Source information →
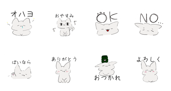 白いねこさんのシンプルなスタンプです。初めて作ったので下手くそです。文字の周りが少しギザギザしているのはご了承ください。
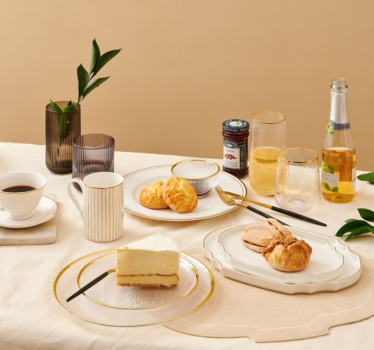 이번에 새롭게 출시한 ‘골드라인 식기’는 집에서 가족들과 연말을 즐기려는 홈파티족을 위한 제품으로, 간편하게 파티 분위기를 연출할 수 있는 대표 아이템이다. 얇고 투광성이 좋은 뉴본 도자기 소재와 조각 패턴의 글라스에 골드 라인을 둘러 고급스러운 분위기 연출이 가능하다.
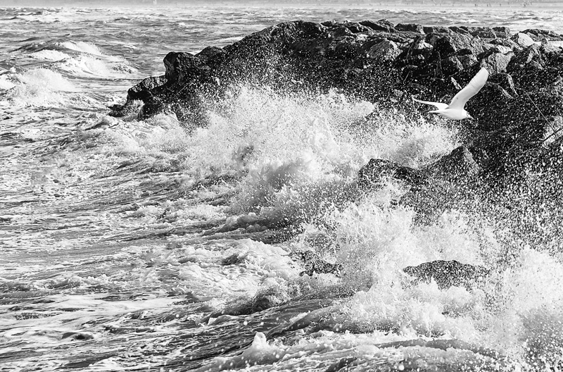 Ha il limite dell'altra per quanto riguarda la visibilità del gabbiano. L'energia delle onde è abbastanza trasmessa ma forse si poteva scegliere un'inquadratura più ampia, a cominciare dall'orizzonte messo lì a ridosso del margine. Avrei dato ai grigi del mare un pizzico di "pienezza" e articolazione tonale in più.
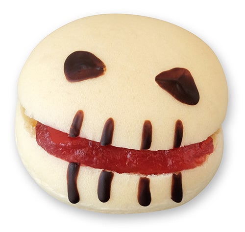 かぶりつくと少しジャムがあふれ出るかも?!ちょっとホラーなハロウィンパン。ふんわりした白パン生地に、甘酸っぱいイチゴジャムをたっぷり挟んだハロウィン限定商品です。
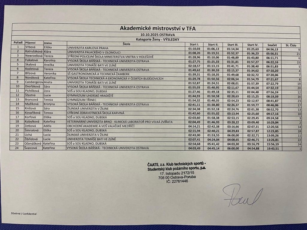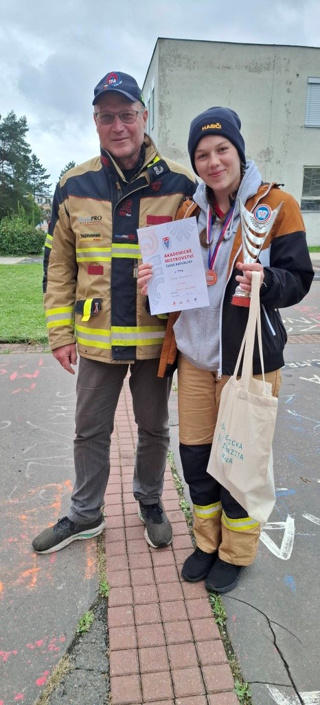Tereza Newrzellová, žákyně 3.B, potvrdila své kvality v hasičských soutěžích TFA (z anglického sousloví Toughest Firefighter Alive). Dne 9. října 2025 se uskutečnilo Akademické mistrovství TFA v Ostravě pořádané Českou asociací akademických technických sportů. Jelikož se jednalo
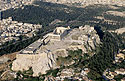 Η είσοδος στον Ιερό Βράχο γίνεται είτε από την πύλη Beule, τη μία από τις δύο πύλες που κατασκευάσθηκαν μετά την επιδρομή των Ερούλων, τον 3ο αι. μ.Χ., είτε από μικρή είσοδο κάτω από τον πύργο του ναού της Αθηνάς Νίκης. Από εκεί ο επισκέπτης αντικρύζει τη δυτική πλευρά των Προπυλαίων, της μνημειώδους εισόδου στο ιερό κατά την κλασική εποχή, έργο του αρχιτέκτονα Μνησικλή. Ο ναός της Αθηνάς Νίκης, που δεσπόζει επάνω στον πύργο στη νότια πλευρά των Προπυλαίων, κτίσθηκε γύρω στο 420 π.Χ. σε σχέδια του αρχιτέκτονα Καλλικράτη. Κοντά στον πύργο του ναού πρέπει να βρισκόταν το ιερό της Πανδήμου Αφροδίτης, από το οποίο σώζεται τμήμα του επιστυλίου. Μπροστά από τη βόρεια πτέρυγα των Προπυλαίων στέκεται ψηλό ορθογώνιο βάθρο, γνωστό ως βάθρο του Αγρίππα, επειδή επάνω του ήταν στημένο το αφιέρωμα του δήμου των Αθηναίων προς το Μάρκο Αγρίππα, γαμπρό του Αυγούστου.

--

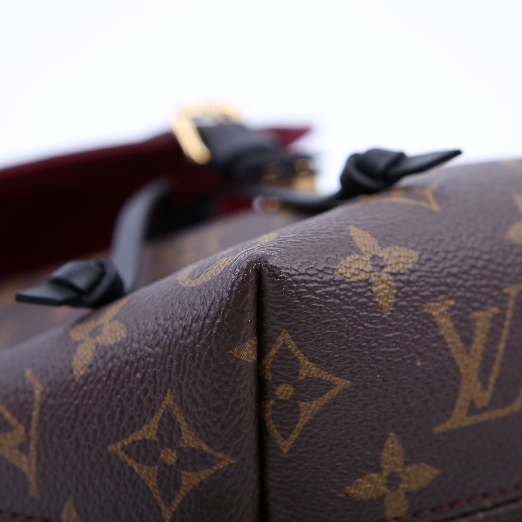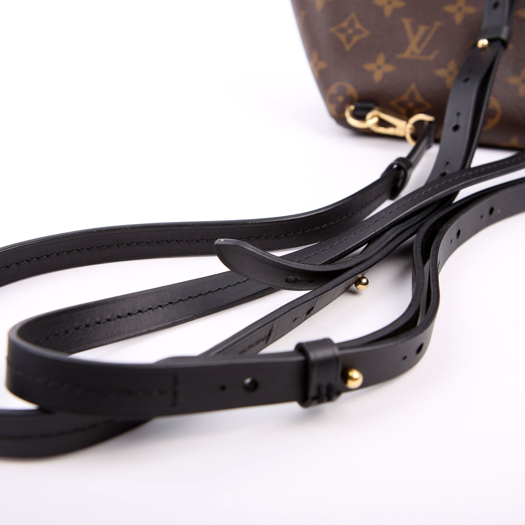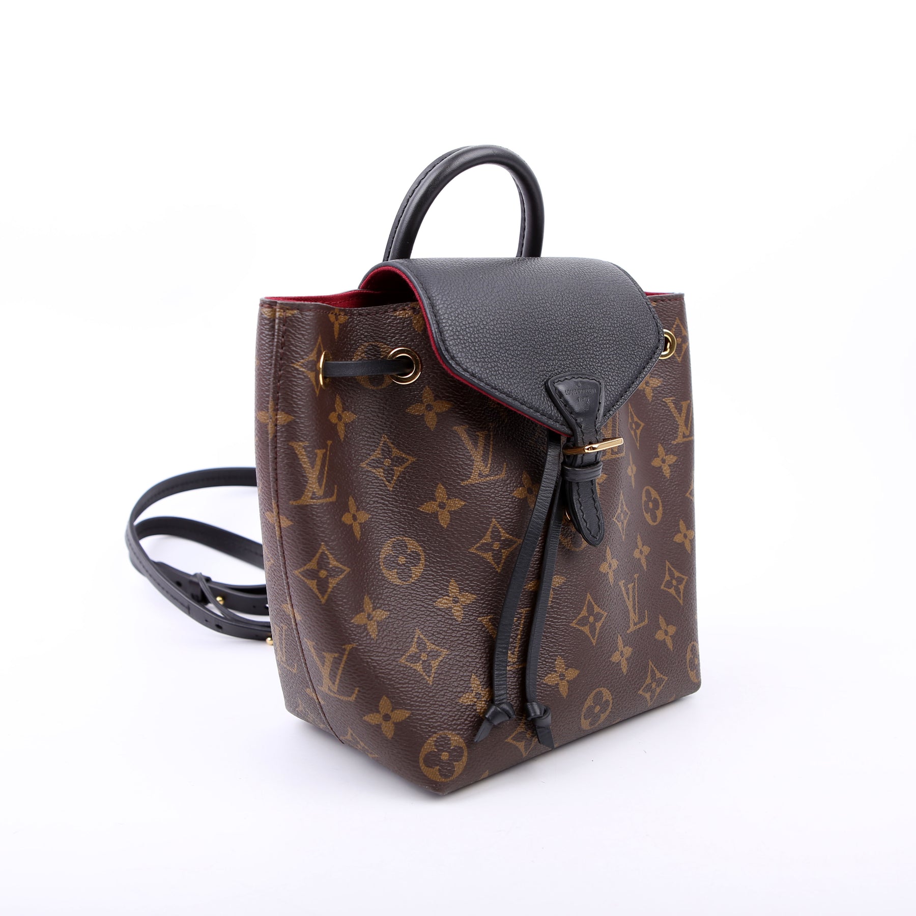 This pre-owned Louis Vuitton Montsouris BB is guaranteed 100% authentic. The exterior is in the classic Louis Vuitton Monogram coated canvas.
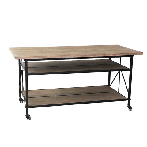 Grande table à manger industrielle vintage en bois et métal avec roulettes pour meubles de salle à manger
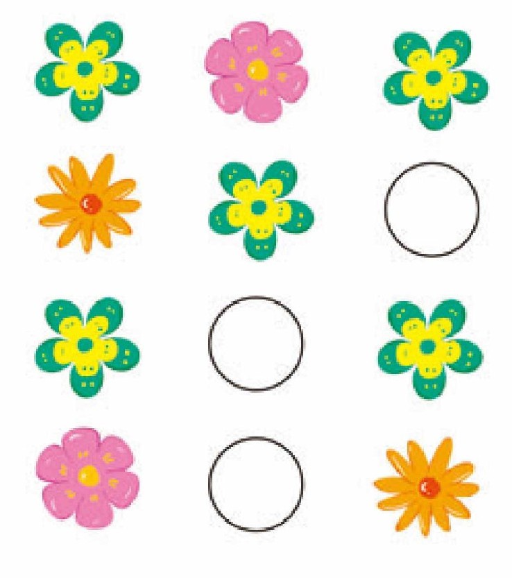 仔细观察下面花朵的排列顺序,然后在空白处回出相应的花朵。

Description of the task → Above are the records; return the lines in them from the one with "Ha il limite" to the one with "Tereza Newrzellová, žákyně", inclusive, exactly and without images.

Answer box →
 Ha il limite dell'altra per quanto riguarda la visibilità del gabbiano. L'energia delle onde è abbastanza trasmessa ma forse si poteva scegliere un'inquadratura più ampia, a cominciare dall'orizzonte messo lì a ridosso del margine. Avrei dato ai grigi del mare un pizzico di "pienezza" e articolazione tonale in più.
 かぶりつくと少しジャムがあふれ出るかも?!ちょっとホラーなハロウィンパン。ふんわりした白パン生地に、甘酸っぱいイチゴジャムをたっぷり挟んだハロウィン限定商品です。
Tereza Newrzellová, žákyně 3.B, potvrdila své kvality v hasičských soutěžích TFA (z anglického sousloví Toughest Firefighter Alive). Dne 9. října 2025 se uskutečnilo Akademické mistrovství TFA v Ostravě pořádané Českou asociací akademických technických sportů. Jelikož se jednalo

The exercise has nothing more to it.